Expectations
From whom does one have an expectation? Generally it is from
self, children, spouse, colleagues, teachers and friends etc.
Based on conditioning there will
be some expectations set, where one is expected to have moral values, be rich, and
be successful and so on. These expectations are set by parents, competition
amongst siblings, peers and experiences during the growing years and beyond.
Obvious is the influence of parents but in a subtle manner the other factors
also come into play. When we become aware of these factors, one needs to
re-evaluate these expectations and set reasonable expectations from one’s own self;
else we may land up being unhappy trying to satisfy unreasonable expectations.

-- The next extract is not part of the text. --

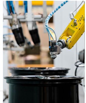
FOR THE INDUSTRY

WAGNER is a market-leading manufacturer of high-tech systems and components for the application of paints and powders and various liquid media to surfaces. The WAGNER portfolio also includes the processing of liquid performance materials such as adhesives and sealants. WAGNER surface technologies are used by consumers, the professional trade and industry alike – from small, handy paint sprayers and professional equipment up to complex industrial coating systems.

For example a child who has seen criticism for non-achievement and praise for good
marks by the people he interacts with, be it parents, teachers or peers may
grow up with the attitude that to fail in something is not acceptable, so
instead if effort could be appreciated and acceptance taught for results either
ways then the child will stay more balanced. But as we grow older we need to
become aware of such impressions in our mind and overcome our conditioning and
set our expectations right to live a fuller and happier life.
The personality of the
individual is moulded by many factors be it genes, parents,
competition, peers and experiences of life etc.and to what extent, will
depend on the unique abilities of each individual to respond to these
influences. Some are very vulnerable and are quick to get influenced while
others may be overconfident and not care. While there will be a few who could
choose to learn from the right influences.
Given that the personality of
each individual is moulded by so many factors, it is strange when we begin to
expect so many things out of another individual be it our child, spouse,
teachers, colleagues or friends.
For example our own child has
influences which go beyond the confines of our home and has the genes of not
one but two different individuals with their specific ancestors. As parents we
begin to think we have made these children and begin to have expectations of
them which in a way seem unfair. Like mentioned by many a great person whose
words bring a new understanding which is, we were just a means for our children
to come into existence and need to support and guide them but beyond that we
need to simply celebrate the joy of watching them grow and drop all
expectations.
Similarly expectations from a
spouse are so evident and are set as per the culture one belongs to. For
example a man is supposed to earn and a woman is supposed to be cook and care
for kids. These expectations have been set based on various factors over the
years and are specific to the culture and these expectations in a way are
worked out before two persons get into wedlock. And after that the story could
pretty much be “they happily live ever after...”, if we could give attention to
two things
- Do not take your spouse for granted – Simple fact to be understood is that the person we are married to has his/her own personality which has been made not in a moment but over the years and in fact generations. And marriage in no way begins to mean ownership of the spouse, it is so typical to see couples take each other for granted which is a shame, instead if one could develop an attitude of gratitude for being lucky to have a person with whom we can share our joys and sorrows, then we will constantly learn to use the words and mean them like please, “thank you” and let the simple gestures convey the words “Love You”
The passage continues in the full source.